- Born: 1 March 1958 (age 68) Malmesbury, Wiltshire, England
- Occupation: Actor
- Years active: 1981–present

= Angus Kennedy (actor) =

British actor (born 1958)

Angus Kennedy (born 1 March 1958) is a British actor in television and theatre.

==Career==
Kennedy trained at the Guildford School of Acting. He did repertory work at Watford, Farnham, Leatherhead, Hull, Huddersfield, Basingstoke, plus London's West End in Number One at the Queens Theatre London, and Saki at the Gate Theatre, He has done theatre tours all over Europe in Animal Farm, The Mousetrap and School for Scandal. His has appeared regularly on TV and Film.

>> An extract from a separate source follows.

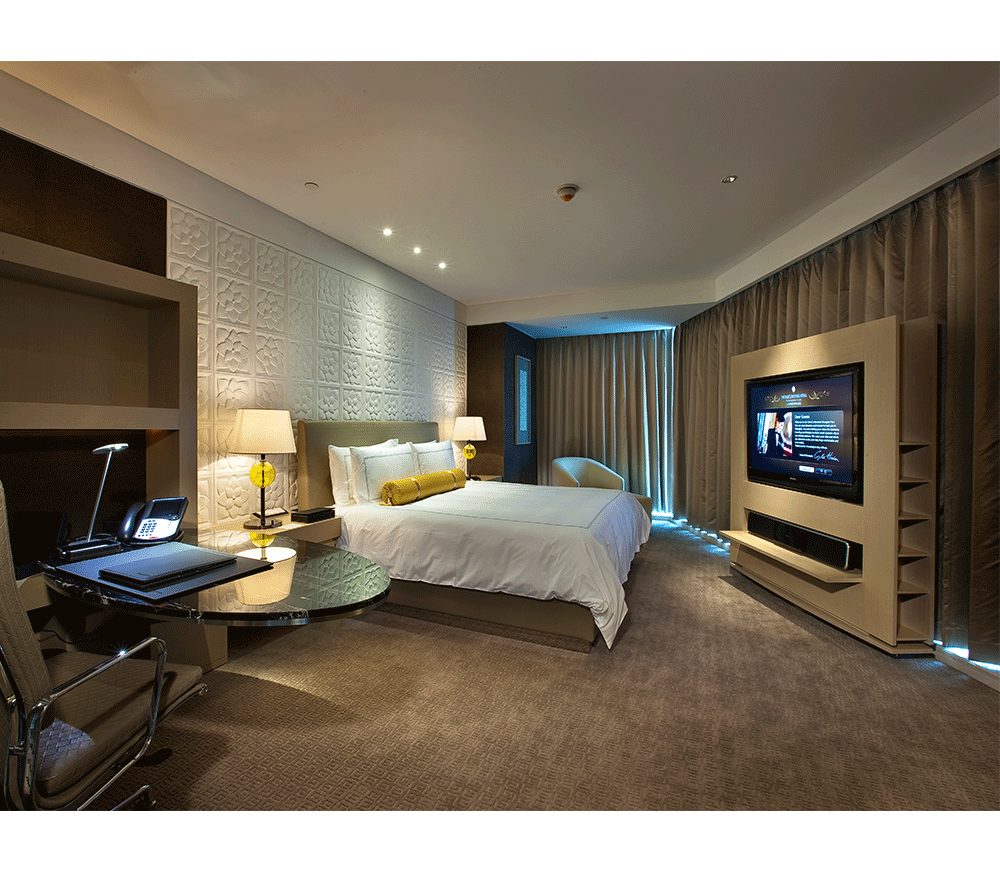 今天给大家分享是一个大型的酒店装修设计案例,该酒店拥有 533 间豪华客房和套房,秉承酒店一贯的设计理念——简约奢华.其中包括 25 间行政套房、 3 间复式套房、 1 间洲际套房及 2 间总统套房.此外,独栋的行政楼内设有豪华宽敞的俱乐部酒廊,配套设施一应俱全.

Between 2005 and 2008, he filmed three series of the internationally successful series Genie in the House for Nickelodeon, in which he played Max Baxter (Uncle Max). He is in the feature films Pride and Prejudice and Zombies and Allied directed by Robert Zemeckis. Intrigo: Death of an Author directed by Daniel Alfredson. Other screenwork includes Back to Life for the BBC. Governor Wilkes in the Sci Fi film Snowflakes. The zombie thriller Alive, directed by David Marantz, which was interrupted by the COVID-19 lockdown and took nearly a year to complete. He appears in the Netflix feature film Love at First Sight. He is the British Prime Minister in the Amazon series The Power and is also in the Netflix Neil Gaiman series The Sandman. He plays Capt Amias Ratliff in series 7 of Outlander and is in the recent feature films William Tell and Savage House

Kennedy resides in Guildford, Surrey.